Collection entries
■ ■ ■ ■ ■
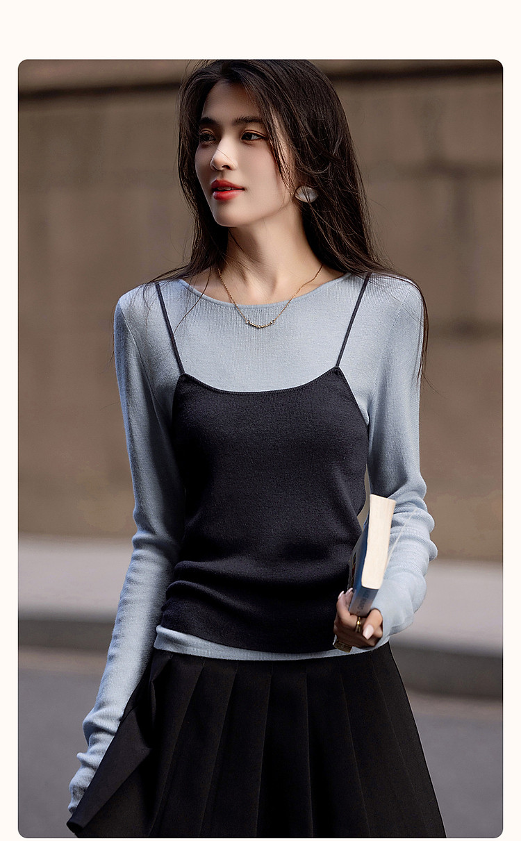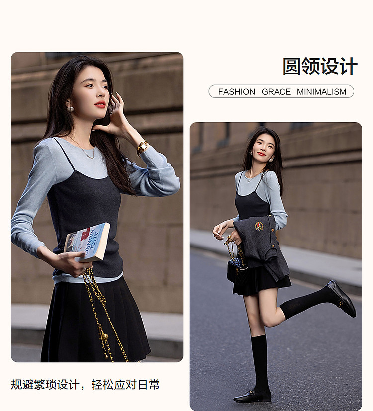 【树莓马卡龙】春少女感假两件含绵羊毛线衫轻龄针织衫女上衣 919553
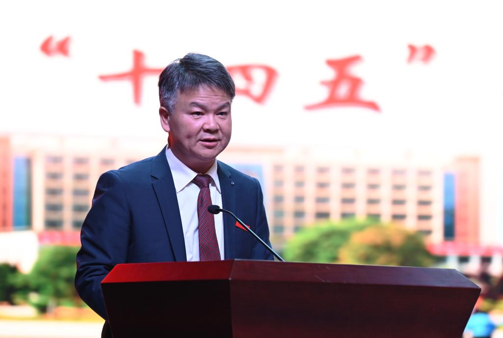 本网讯(记者 文彦波 摄影 博夕 朱李红)2021年11月17日上午,学校在音乐厅隆重召开申硕工作总结暨“十四五”规划核心指标奋进大会。全体校领导,副处以上干部、受表彰人员以及二级学院博士、教授、系(室)中心主任、支部书记代表共200余人参加会议。党委书记李建奇出席会议并讲话,党委副书记、校长汤放华主持会议。
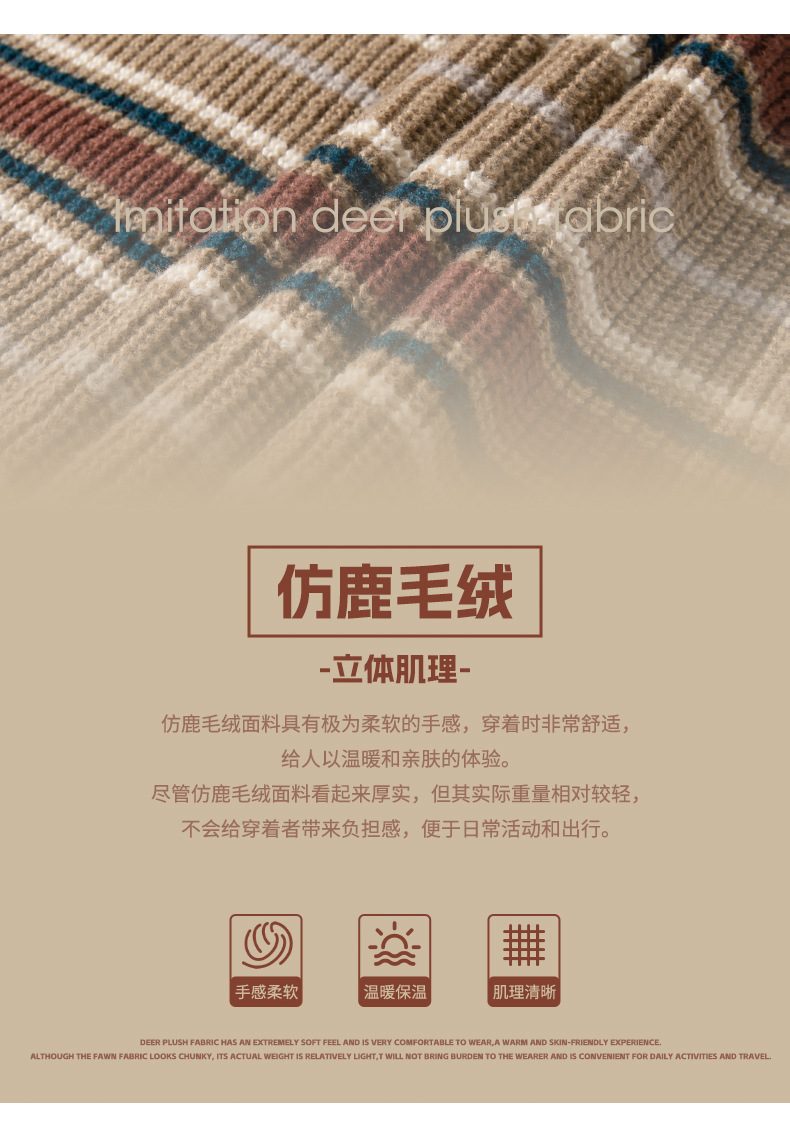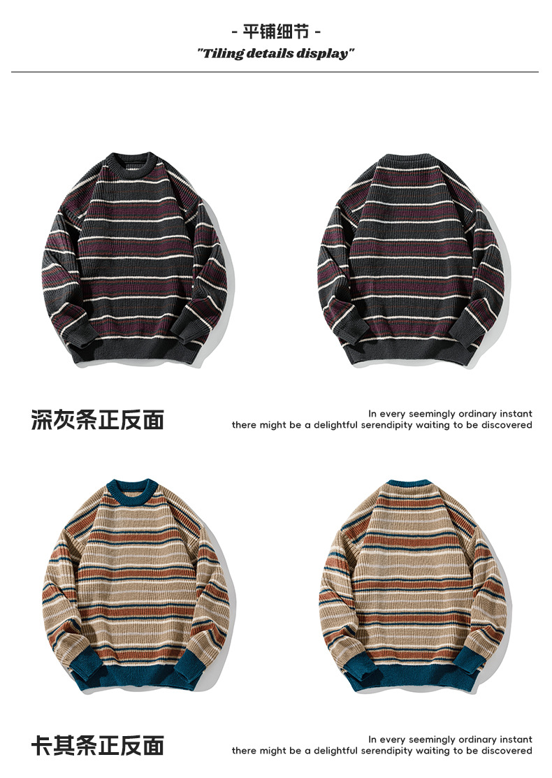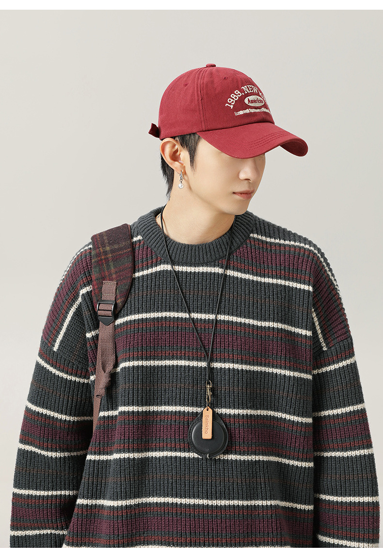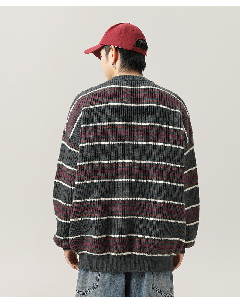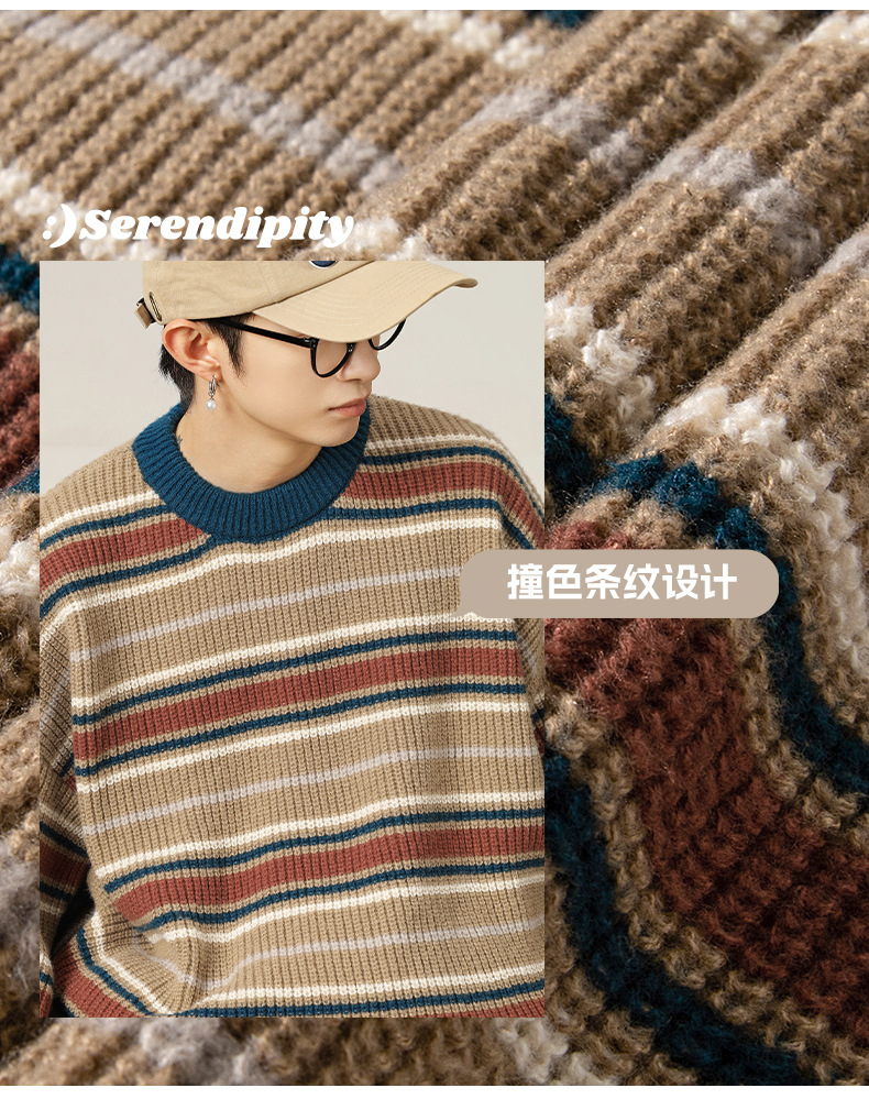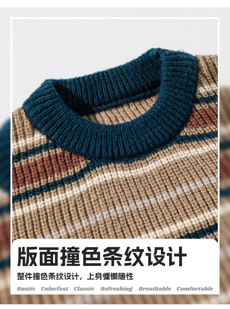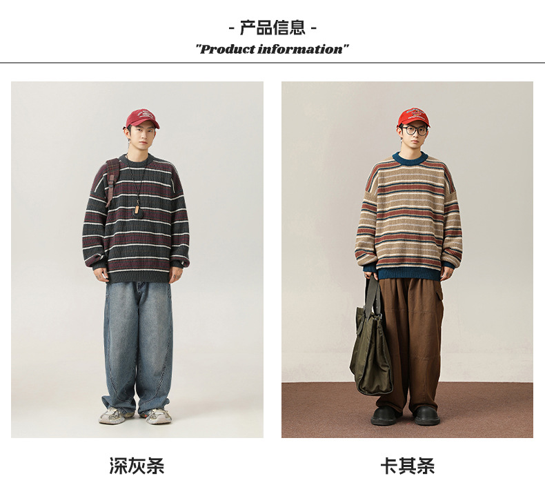 빈티지 콘트라스트 컬러 스트라이프 크루 넥 스웨터 남성 가을 및 겨울 두꺼운 바늘 느슨한 게으른 스타일 소프트 왁스 풀오버 스웨터 재킷
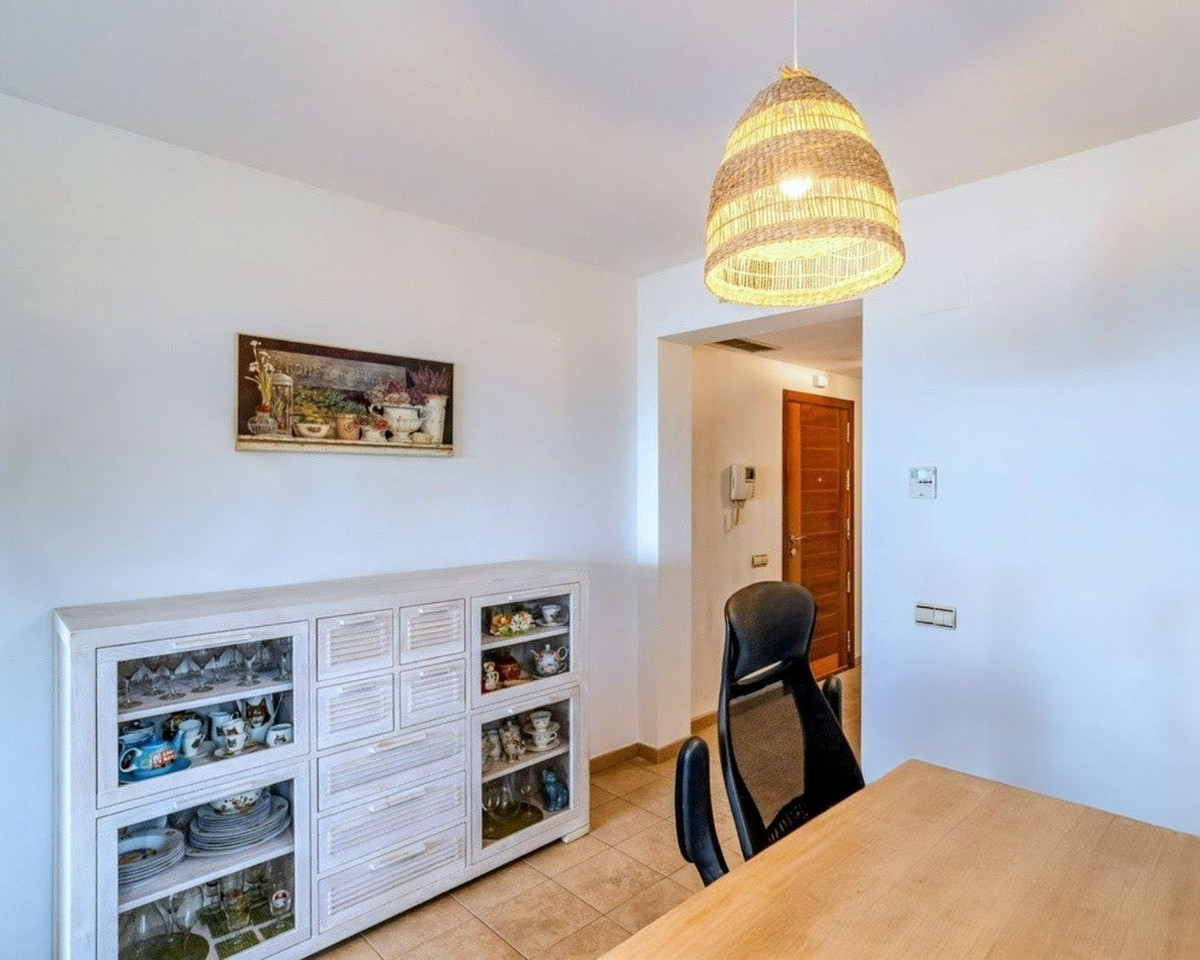 Onberispelijk, licht hoekappartement gelegen op loopafstand van de mooie badplaats La Cala de MIjas. Met toegang via de trap of lift, bestaat deze prachtige woning uit een hal, ruime woon / eetkamer, terras op het zuidoosten met uitzicht op het zwembad en de zee, grote moderne volledig ingerichte keuken met aparte wasplaats / bijkeuken, grote slaapkamer met ensuite badkamer, 2 slaapkamers en een familie badkamer. Alle slaapkamers hebben inbouwkasten en grote openslaande deuren met kleine balkons. Het meubilair in het appartement is optioneel. Daarnaast beschikt de woning over een ondergrondse privéparkeerplaats met aangrenzende berging. Het complex heeft een overvloed aan buitenparkeerplaatsen voor gasten, prachtig onderhouden en brandschoon gemeenschappelijke ruimtes en tuinen, een zoutwaterzwembad, ligweiden en een padel tennisbaan. Ook is er een conciërge bij de poort van de gemeenschap voor de meeste uren van de dag plus video-intercomcamera’s. Alles op 2 minuten lopen van winkels, bars en restaurants en op slechts 10 minuten lopen van het strand, plaatselijke scholen, openbaar vervoer en het bruisende centrum van La Cala. Korte termijn verhuur is niet verboden, maar onderworpen aan de gebruikelijke goedkeuringsregels van de AVA.
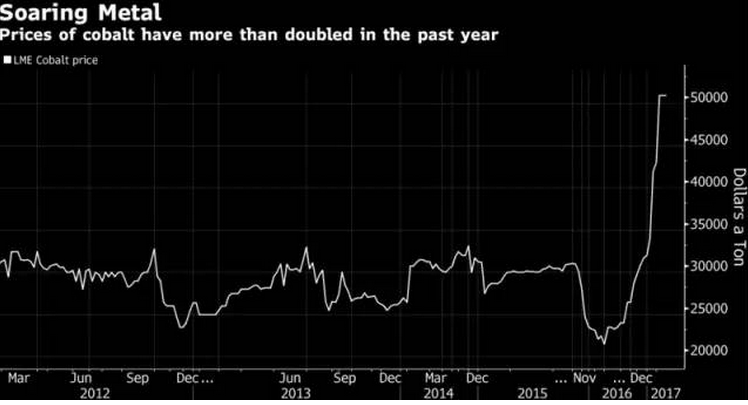 一般而言,每輛電動汽車的電池包含15公斤鈷,筆記本電腦電池包含33克鈷,智能手機(jī)電池包含6克鈷。隨著鈷需求的上升,每年10萬噸平穩(wěn)的供應(yīng)量已無法與需求相匹配,2016年鈷礦出現(xiàn)1500噸的供應(yīng)缺口,今年可能再翻一番。
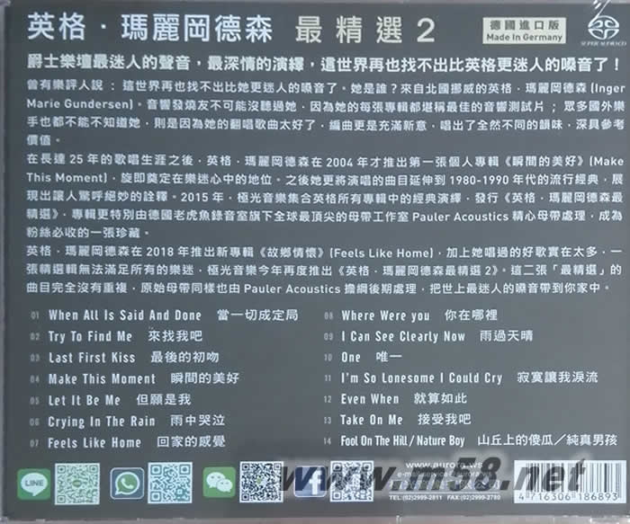 英格瑪麗岡德森最精選 2 北歐爵士女伶The Best Of Inger Marie Gundersen Vol. 2 SACD專輯背面圖片
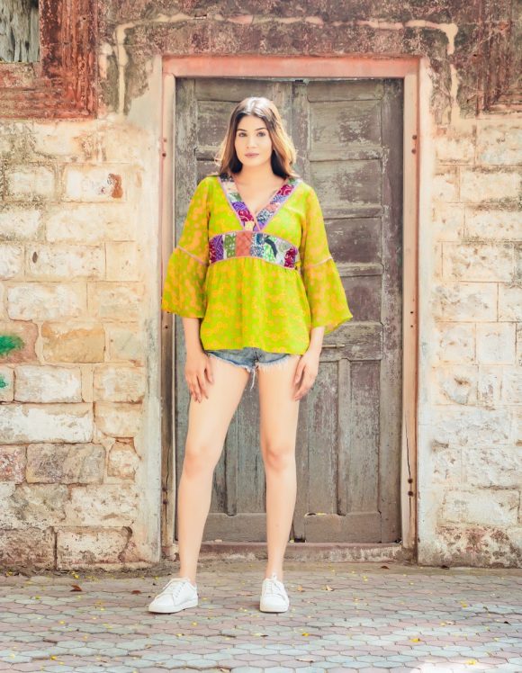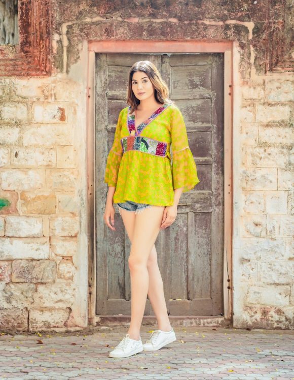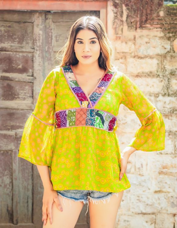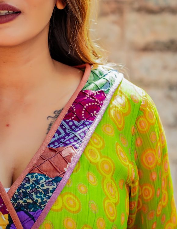 Sure To Be Happiness Blessed French Influence Fully Patchwork Detailed Chiffon Pullover Featuring Psychedelic Geometrical Print
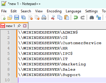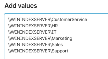 Be very careful not to include Administrative shares such as ADMIN$, IPC$, and likely C$ as these contain a scope of files that are not likely helpful to the Shinydocs Pro scanning process.
■ ■ ■ ■ ■
WORK INSTRUCTION:
Return every line of the records exactly as given, pictures excluded.

ANSWER TO THIS TASK:
 【树莓马卡龙】春少女感假两件含绵羊毛线衫轻龄针织衫女上衣 919553
 本网讯(记者 文彦波 摄影 博夕 朱李红)2021年11月17日上午,学校在音乐厅隆重召开申硕工作总结暨“十四五”规划核心指标奋进大会。全体校领导,副处以上干部、受表彰人员以及二级学院博士、教授、系(室)中心主任、支部书记代表共200余人参加会议。党委书记李建奇出席会议并讲话,党委副书记、校长汤放华主持会议。
 빈티지 콘트라스트 컬러 스트라이프 크루 넥 스웨터 남성 가을 및 겨울 두꺼운 바늘 느슨한 게으른 스타일 소프트 왁스 풀오버 스웨터 재킷
 Onberispelijk, licht hoekappartement gelegen op loopafstand van de mooie badplaats La Cala de MIjas. Met toegang via de trap of lift, bestaat deze prachtige woning uit een hal, ruime woon / eetkamer, terras op het zuidoosten met uitzicht op het zwembad en de zee, grote moderne volledig ingerichte keuken met aparte wasplaats / bijkeuken, grote slaapkamer met ensuite badkamer, 2 slaapkamers en een familie badkamer. Alle slaapkamers hebben inbouwkasten en grote openslaande deuren met kleine balkons. Het meubilair in het appartement is optioneel. Daarnaast beschikt de woning over een ondergrondse privéparkeerplaats met aangrenzende berging. Het complex heeft een overvloed aan buitenparkeerplaatsen voor gasten, prachtig onderhouden en brandschoon gemeenschappelijke ruimtes en tuinen, een zoutwaterzwembad, ligweiden en een padel tennisbaan. Ook is er een conciërge bij de poort van de gemeenschap voor de meeste uren van de dag plus video-intercomcamera’s. Alles op 2 minuten lopen van winkels, bars en restaurants en op slechts 10 minuten lopen van het strand, plaatselijke scholen, openbaar vervoer en het bruisende centrum van La Cala. Korte termijn verhuur is niet verboden, maar onderworpen aan de gebruikelijke goedkeuringsregels van de AVA.
 一般而言,每輛電動汽車的電池包含15公斤鈷,筆記本電腦電池包含33克鈷,智能手機(jī)電池包含6克鈷。隨著鈷需求的上升,每年10萬噸平穩(wěn)的供應(yīng)量已無法與需求相匹配,2016年鈷礦出現(xiàn)1500噸的供應(yīng)缺口,今年可能再翻一番。
 英格瑪麗岡德森最精選 2 北歐爵士女伶The Best Of Inger Marie Gundersen Vol. 2 SACD專輯背面圖片
 Sure To Be Happiness Blessed French Influence Fully Patchwork Detailed Chiffon Pullover Featuring Psychedelic Geometrical Print
 Be very careful not to include Administrative shares such as ADMIN$, IPC$, and likely C$ as these contain a scope of files that are not likely helpful to the Shinydocs Pro scanning process.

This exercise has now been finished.